▸ Records for processing:
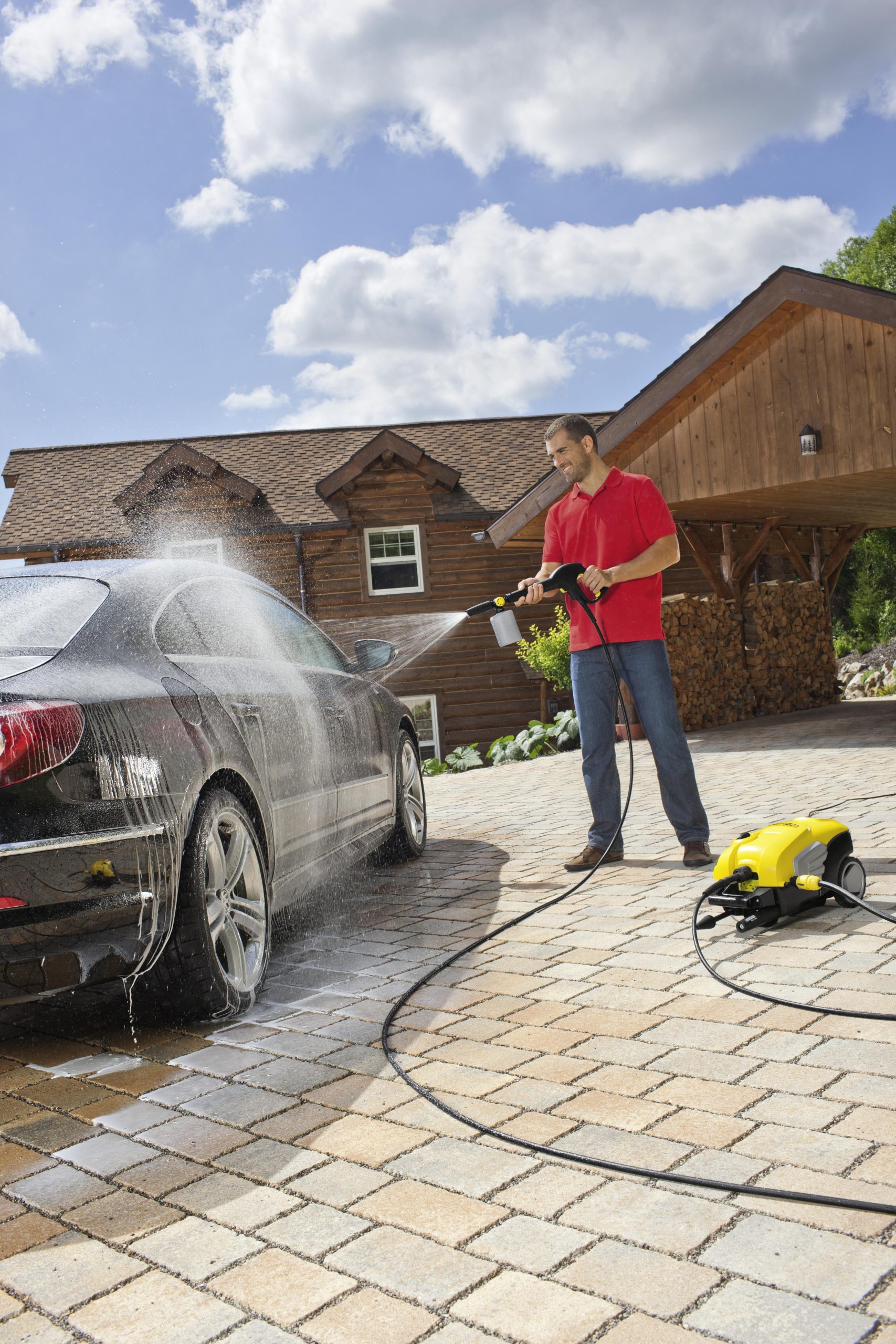 Użytkownik znajdzie szereg praktycznych ulepszeń i ułatwień: system szybkozłącza Quick Connect – szybkiego podłączania węża wysokociśnieniowego do urządzenia i pistoletu spryskującego, aluminiowy uchwyt teleskopowy i dodatkowy uchwyt do przenoszenia w dolnej części, wężyk ssący środka czyszczącego oraz koła, które ułatwiające transport. Wyposażenie obejmuje wąż wysokociśnieniowy z pistoletem (9m), lancę vario-power oraz lancę z dysza rotacyjną.
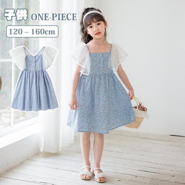 花柄 子供 ドレス ワンピース 子供服 女の子 プリンセス ガールズ キッズ カジュアル 夏休み 旅行 海辺 お出かけ 普段着 入学式 卒業式 膝丈 ミディ丈 ジュニア
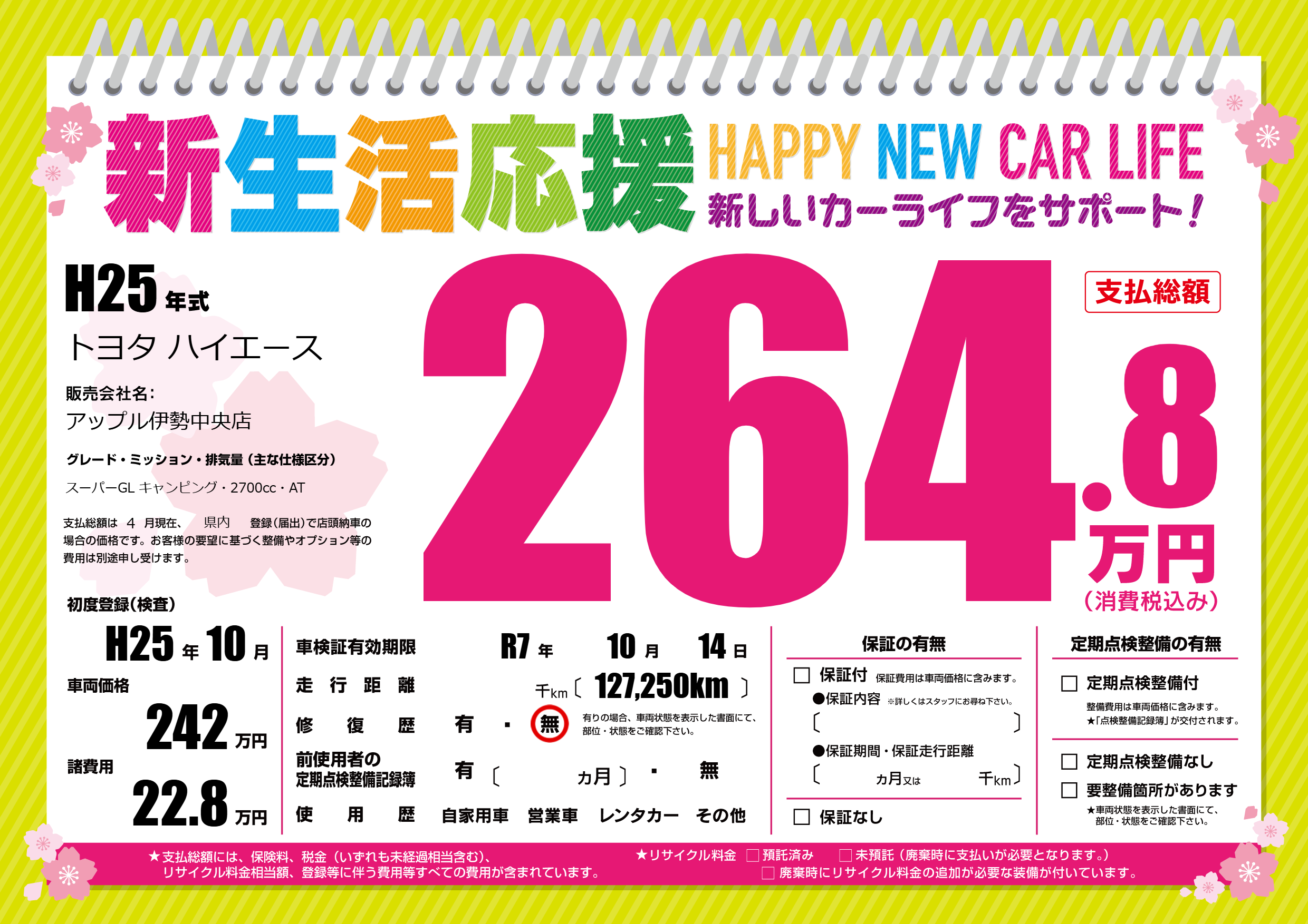 | 車名 | トヨタ ハイエース | グレード ミッション 排気量 |
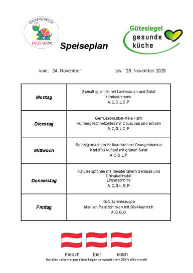 Speiseplan 24. bis 28. November 2025
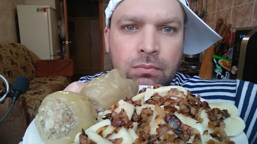 Кушаю фаршированный перец и вареники.
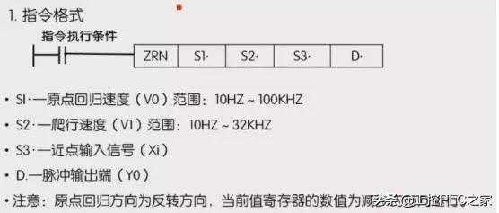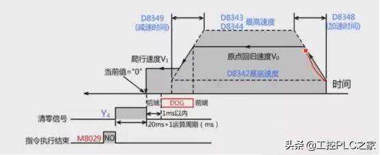 首先以S1的速度快速运动,当到近点S3后切换到爬行速度S2,D为输出。只能在原点的正方向才能使用原点回归指令,在反向是不能使用ZRN指令的。
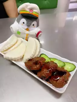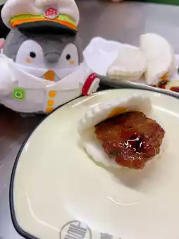 This time, I came to Mong Kok Tung Choi Street with my 🐧🐧 friends to visit this dim sum shop full of authentic Hong Kong vibes❤️ There’s already a big beef stall photo spot at the entrance waiting for the 🐧🤣 They even have a beef knife for you to take pictures with🤣 Inside the restaurant, the decor resembles a nostalgic Hong Kong-style cinema, very atmospheric🥰 I heard there’s even an MTR photo spot upstairs😍 Unfortunately, it was during the restaurant’s air-conditioning cleaning time, so it wasn’t available to see🙂↔️
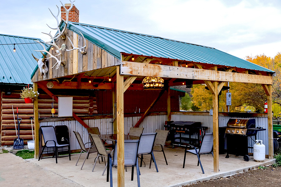 Our new covered outdoor kitchen lets you cook and enjoy meals in the fresh mountain air. Equipped with a grill and plenty of seating, it’s the perfect spot to relax after a day of adventure.
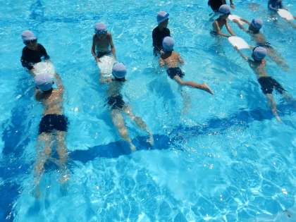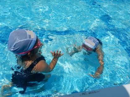 「水中じゃんけん」でペアの人と一緒に水にもぐって楽しんだり、体を浮かせたまま引っ張ってもらうことを楽しんだりしました。友達と一緒に活動することで、楽しめることが増えました。
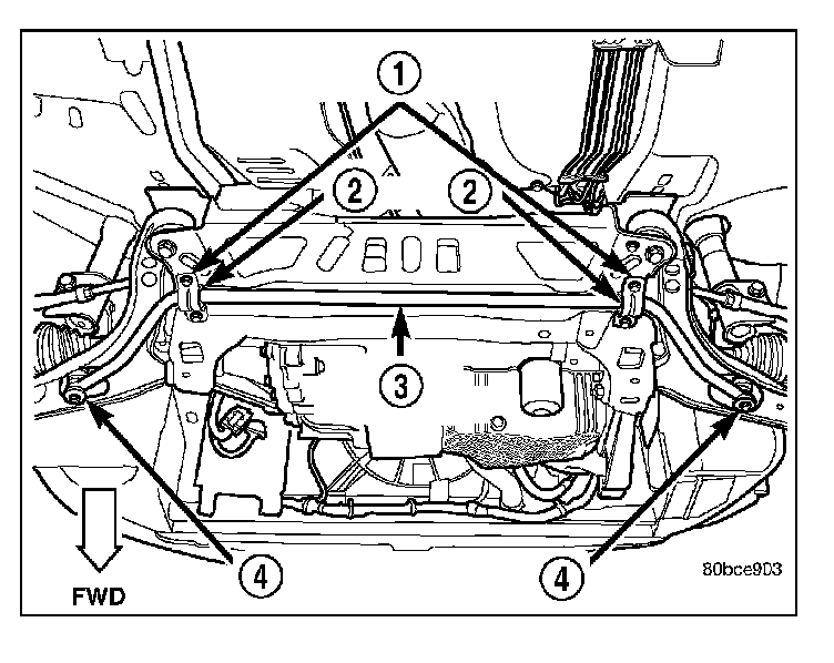 15. Position a transmission jack under the center of the front suspension crossmember (3) and raise it to support the bottom of the crossmember.
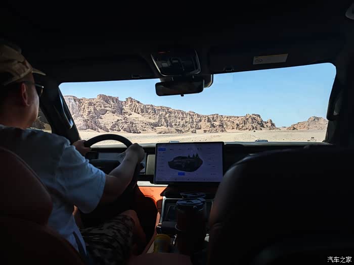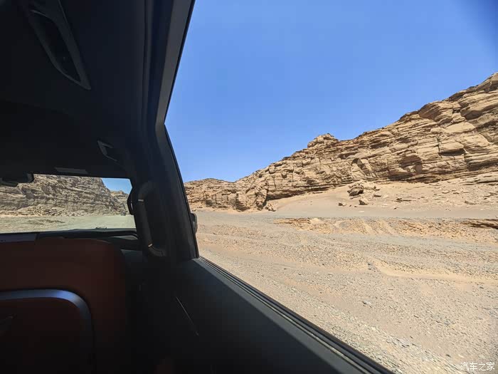 下午3点多的戈壁滩气温到达了50度,也是极石01在这次行程中遇到的第一次极端天气。好在车内空调制冷迅速,将燥热隔绝在外。
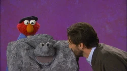 Muppets / Celebrity | Elmo is busy making a visual aid for Jon Hamm's explanation on what a sculpture is, so he finds various ones of different materials (and increasing weights). Just before Jon gets a hernia, Elmo finishes his sculpture - a likeness of himself, which thanks Jon for his compliment. |
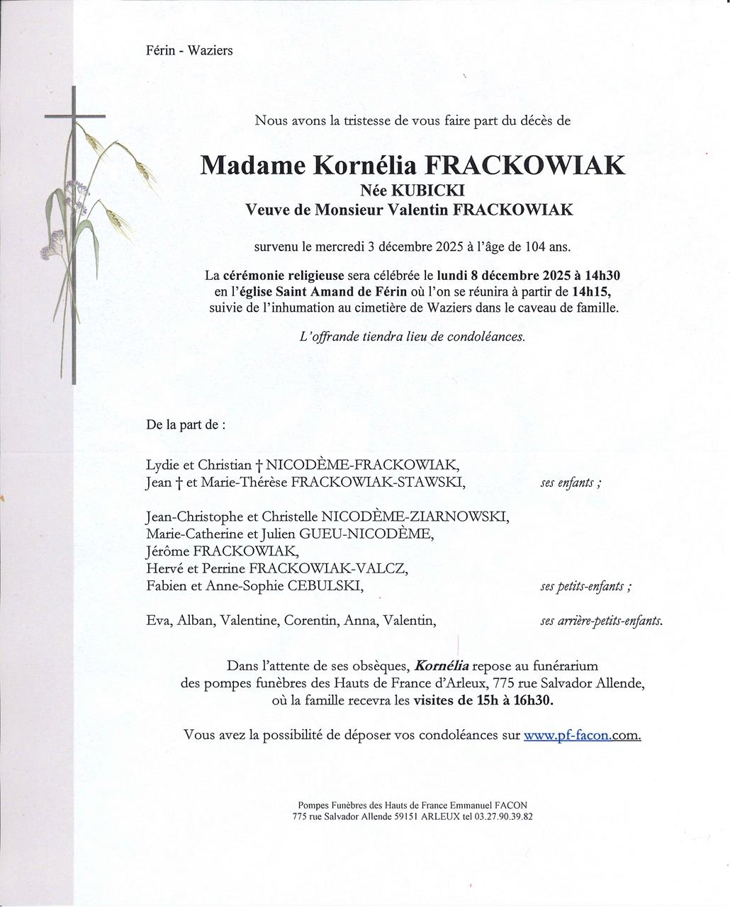 Madame Kornélia FRACKOWIAK née KUBICKI
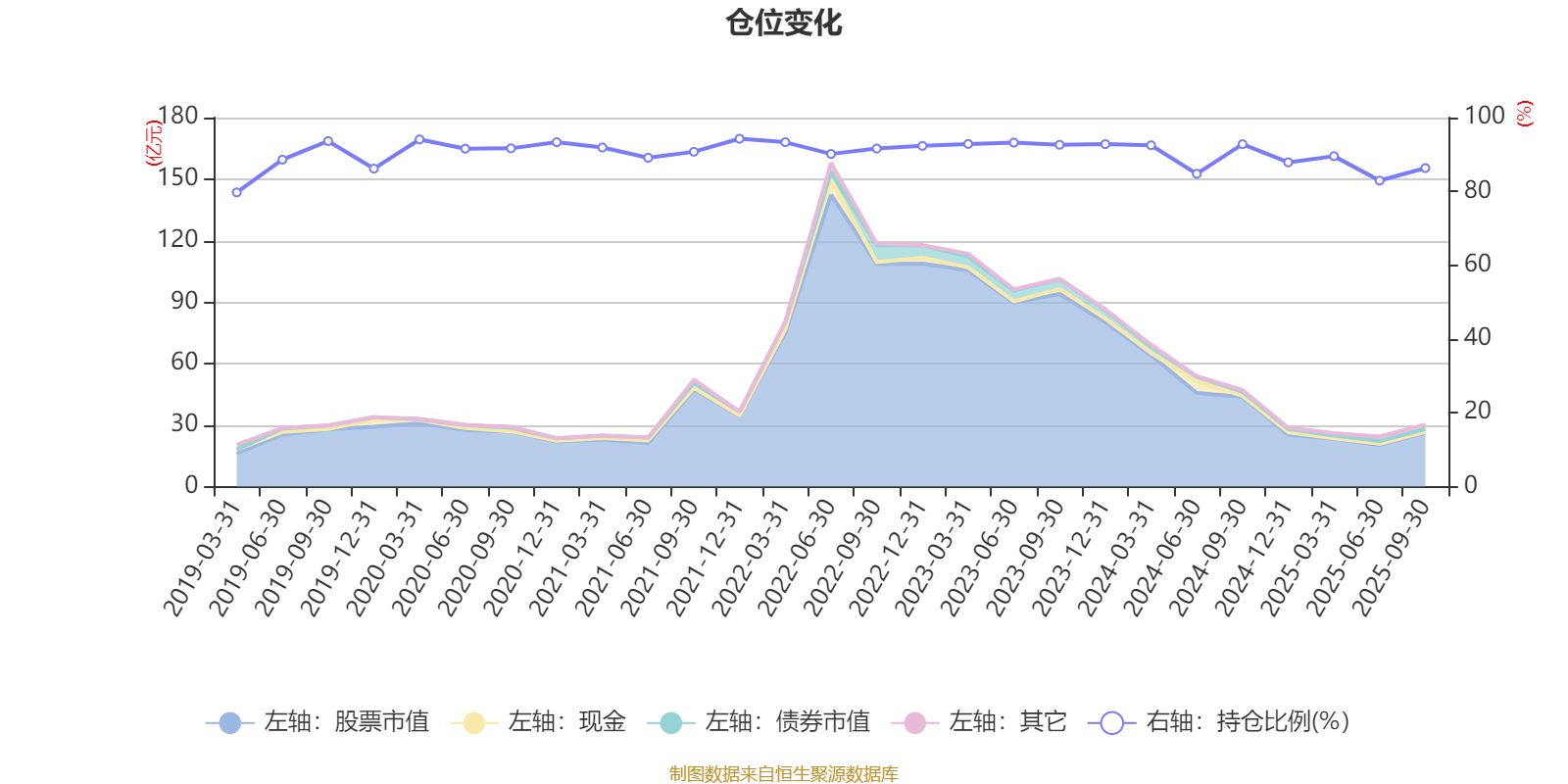 据定期报告数据统计,近三年平均股票仓位为90.05%,同类平均为85.95%。2021年末基金达到94.28%的最高仓位,2019年一季度末最低,为79.73%。
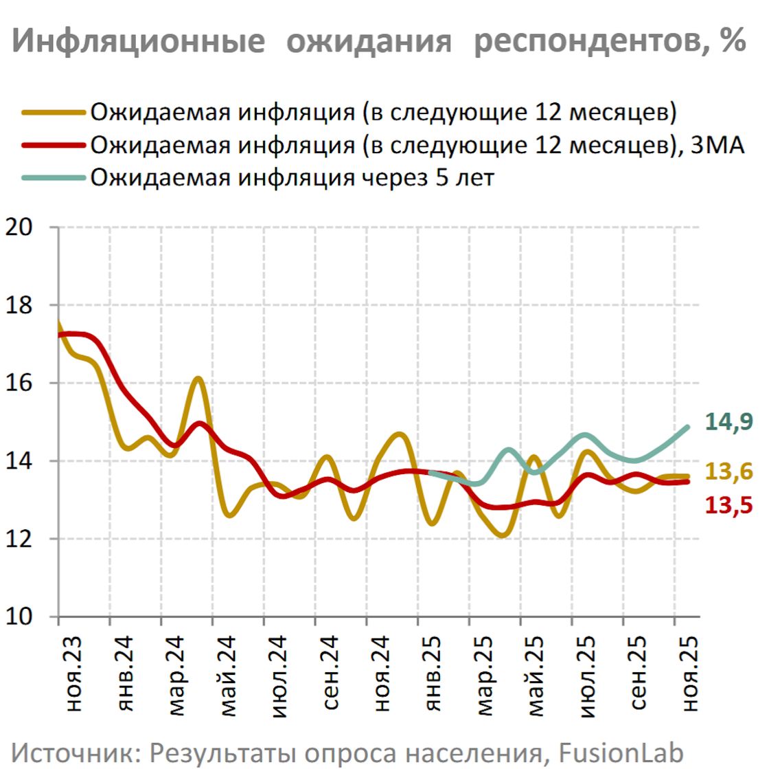 Рост цен влияет и на настроения граждан. Они не верят в снижение инфляции и считают, что в следующие 12 месяцев она останется высокой – 13,6%. А через пять лет вообще вырастет до 14,9%.
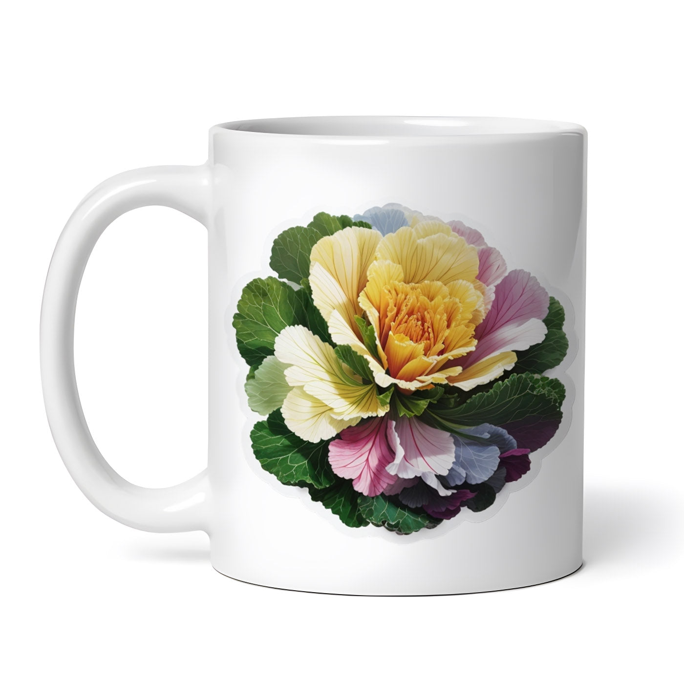 Cana ceramica, Floare de kale, NO8390, 330 ml, Multicolor
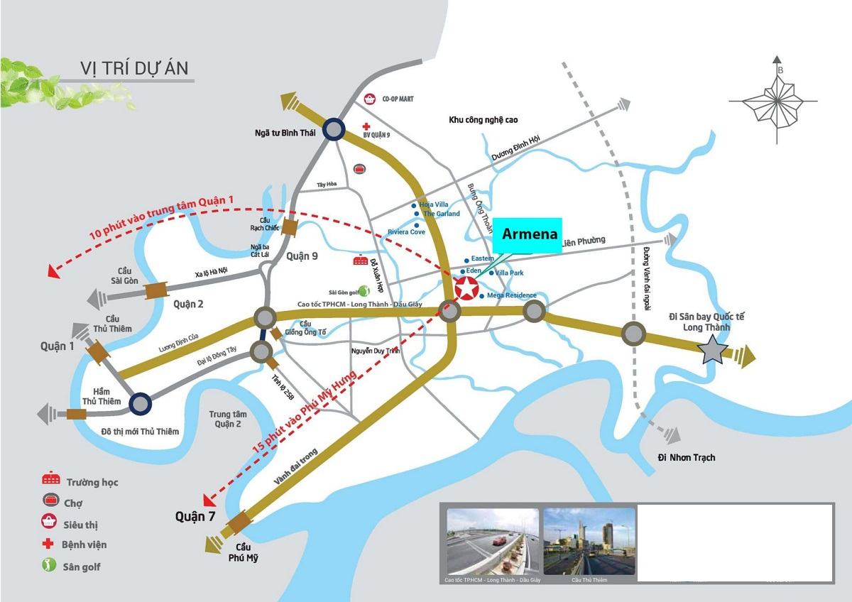 Vị trí tiếp giáp Quận 7 cùng hàng loạt trục giao thông huyết mạch: Cao tốc, Liên Phường, Võ Chí Công… giúp cho cư dân Armena dễ dàng di chuyển về các quận trung tâm và tiện ích lân cận.

▸ Required work: In the listing above, find the line containing "Speiseplan 24. bis 28. November 2025" and the line containing "首先以S1的速度快速运动,当", then print exactly those two lines and every line between them, minus the pictures.

▸ Solution to this task:
 Speiseplan 24. bis 28. November 2025
 Кушаю фаршированный перец и вареники.
 首先以S1的速度快速运动,当到近点S3后切换到爬行速度S2,D为输出。只能在原点的正方向才能使用原点回归指令,在反向是不能使用ZRN指令的。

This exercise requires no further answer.